SEM images of electrospun collagen-PCL nanofibers stretched and aligned between the struts of PCL-coated 45S5 BG scaffolds

With increasing deposition time, the alignment in the collagen-PCL nanofibers is lost. However, a densely packed collagen-PCL nanofibrous mesh with high content of collagen (50 %) is obtained over the PCL-coated 45S5 BG scaffolds. The most important advantage of 45S5 bioactive glass, making it a promising material for bone scaffold fabrication, is the ability of its surface to react readily with the surrounding biological medium. It is well known that 45S5 BG exhibits high bioactivity (Class A biomaterial) and it is both osteoconductive and osteogenic [12]. Following the in vitro studies of the present bi-layered construct in SBF for 21 days, it was found that the PCL coating does not interfere with the formation of hydroxyapatite on the scaffold surfaces and therefore, the bioactivity of the 45S5 BG scaffolds is not compromised by the presence of the coating. This may be due to the fact that PCL coating was not completely homogeneous leaving parts of the strut surfaces directly exposed to SBF. It was also noticed that the lower side of the collagen-PCL nanofibrous mesh, which was in contact with the PCL-coated 45S5 BG surfaces, was highly mineralized and the formation of hydroxyapatite crystals was confirmed (Fig. 4b) along the nanofibrous morphology. This structure is very similar to the native calcified cartilage zone where endochondral ossification occurs and the cartilage is mineralized with calcium phosphate [48]. When complete mineralization occurs, chondrocytes undergo apoptosis, blood vessels invade this zone and new bone is laid down by osteoblasts [48].

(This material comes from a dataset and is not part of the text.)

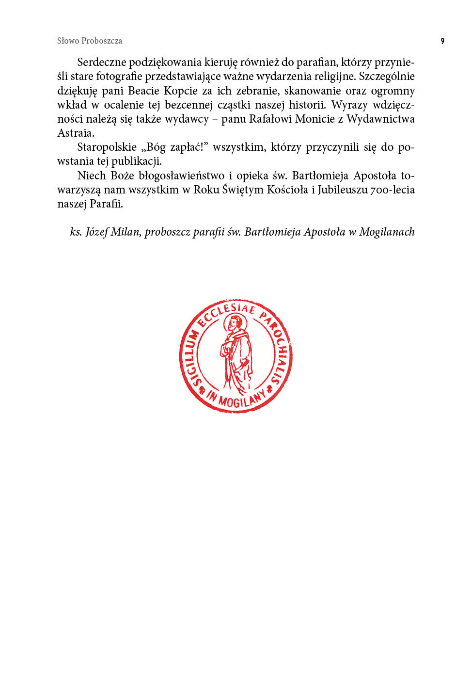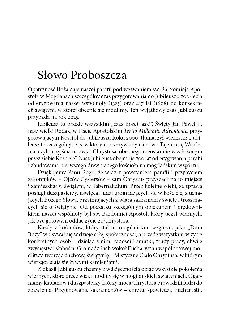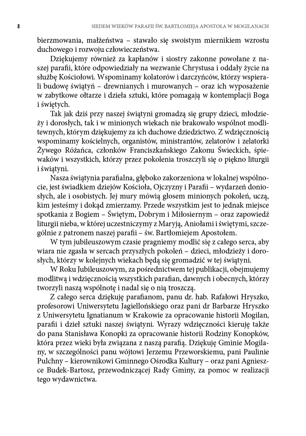 Dziękujemy również za kapłanów i siostry zakonne powołane z naszej parafii, które odpowiedziały na wezwanie Chrystusa i oddały życie na służbę Kościołowi. Wspominamy kolatorów i darczyńców, którzy wspierali budowę świątyń – drewnianych i murowanych – oraz ich wyposażenie w zabytkowe ołtarze i dzieła sztuki, które pomagają w kontemplacji Boga i świętych. Tak jak dziś przy naszej świątyni gromadzą się grupy dzieci, młodzieży i dorosłych, tak i w minionych wiekach nie brakowało wspólnot modlitewnych, którym dziękujemy za ich duchowe dziedzictwo. Z wdzięcznością wspominamy kościelnych, organistów, ministrantów, zelatorów i zelatorki Żywego Różańca, członków Franciszkańskiego Zakonu Świeckich, śpiewaków i wszystkich, którzy przez pokolenia troszczyli się o piękno liturgii i świątyni. Nasza świątynia parafialna, głęboko zakorzeniona w lokalnej wspólnocie, jest świadkiem dziejów Kościoła, Ojczyzny i Parafii – wydarzeń doniosłych, ale i osobistych. Jej mury mówią głosem minionych pokoleń, uczą, kim jesteśmy i dokąd zmierzamy. Przede wszystkim jest to jednak miejsce spotkania z Bogiem – Świętym, Dobrym i Miłosiernym – oraz zapowiedź liturgii nieba, w której uczestniczymy z Maryją, Aniołami i świętymi, szczególnie z patronem naszej parafii – św. Bartłomiejem Apostołem. W tym jubileuszowym czasie pragniemy modlić się z całego serca, aby wiara nie zgasła w sercach przyszłych pokoleń – dzieci, młodzieży i dorosłych, którzy w kolejnych wiekach będą się gromadzić w tej świątyni. W Roku Jubileuszowym, za pośrednictwem tej publikacji, obejmujemy modlitwą i wdzięcznością wszystkich parafian, dawnych i obecnych, którzy tworzyli naszą wspólnotę i nadal się o nią troszczą. Z całego serca dziękuję parafianom, panu dr. hab. Rafałowi Hryszko, profesorowi Uniwersytetu Jagiellońskiego oraz pani dr Barbarze Hryszko z Uniwersytetu Ignatianum w Krakowie za opracowanie historii Mogilan, parafii i dzieł sztuki naszej świątyni. Wyrazy wdzięczności kieruję także do pana Stanisława Konopki za opracowanie historii Rodziny Konopków, która przez wieki była związana z naszą parafią. Dziękuję Gminie Mogilany, w szczególności panu wójtowi Jerzemu Przeworskiemu, pani Paulinie Pulchny – kierownikowi Gminnego Ośrodka Kultury – oraz pani Agnieszce Budek-Bartosz, przewodniczącej Rady Gminy, za pomoc w realizacji tego wydawnictwa. Serdeczne podziękowania kieruję również do parafian, którzy przynieśli stare fotografie przedstawiające ważne wydarzenia religijne. Szczególnie dziękuję pani Beacie Kopcie za ich zebranie, skanowanie oraz ogromny wkład w ocalenie tej bezcennej cząstki naszej historii. Wyrazy wdzięczności należą się także wydawcy – panu Rafałowi Monicie z Wydawnictwa Astraia. Staropolskie „Bóg zapłać!” wszystkim, którzy przyczynili się do powstania tej publikacji.

A variety of biomaterials such as bioactive glasses and biopolymers such as PDLLA, PCL, collagen, chitosan, gelatin and alginate combined with several processing techniques such as foam replica method, freeze drying and electrospinning have been used to develop layered constructs for interface tissue engineering [8, 10, 11, 4951]. Taking cues from these previous works, we successfully fabricated for the first time a bi-layered structure consisting of a trabecular-bone shaped scaffold made of 45S5 BG and a collagen-containing fibrous mesh resembling the articular cartilage. The presence of collagen in the structure and also the formation of hydroxyapatite due to the reactivity of the BG will stimulate a physiologically relevant environment for the cells to adhere and proliferate, and therefore the scaffolds developed in this study constitute a promising alternative for osteochondral TE applications. As a future perspective, it is necessary to investigate the interfacial strength and possible delamination of the electrospun fibers from the porous 45S5 BG scaffold. Also, cell biology studies will provide understanding of the cell growth, differentiation and migration on the bi-layered constructs.

5 Conclusions

In summary, a bioinspired bi-layered scaffold using bioactive 45S5 BG and biodegradable fibrous layers of collagen-PCL has been developed. Foam replication technique produced highly porous, dense 45S5 BG-based scaffolds similar to the spongy bone structure. Dip-coating by PCL significantly enhanced the mechanical competence of the scaffolds. Electrospinning was used to build a layer of submicrometric collagen-PCL fibrous mesh over the BG scaffolds. Thin layers of electrospun collagen-PCL meshes over the 45S5 BG scaffolds showed alignment of the fibers in between the struts which is hypothesized to be advantageous for the flattening, elongation and attachment of chondrocytes. Results from in vitro SBF studies of the bi-layered constructs showed that the bioactivity of the 45S5 BG-based scaffolds is not affected by the presence of the PCL coating. Mineralization occurred in the fibrous composite’s surface which is in contact with the PCL-coated scaffold. Hydroxyapatite crystals were found, which have grown along the surface of the collagen-PCL fibers. From these findings, we can conclude that the developed bi-layered construct has the ability to mimic the native tissue region and has the potential to be used for osteochondral TE.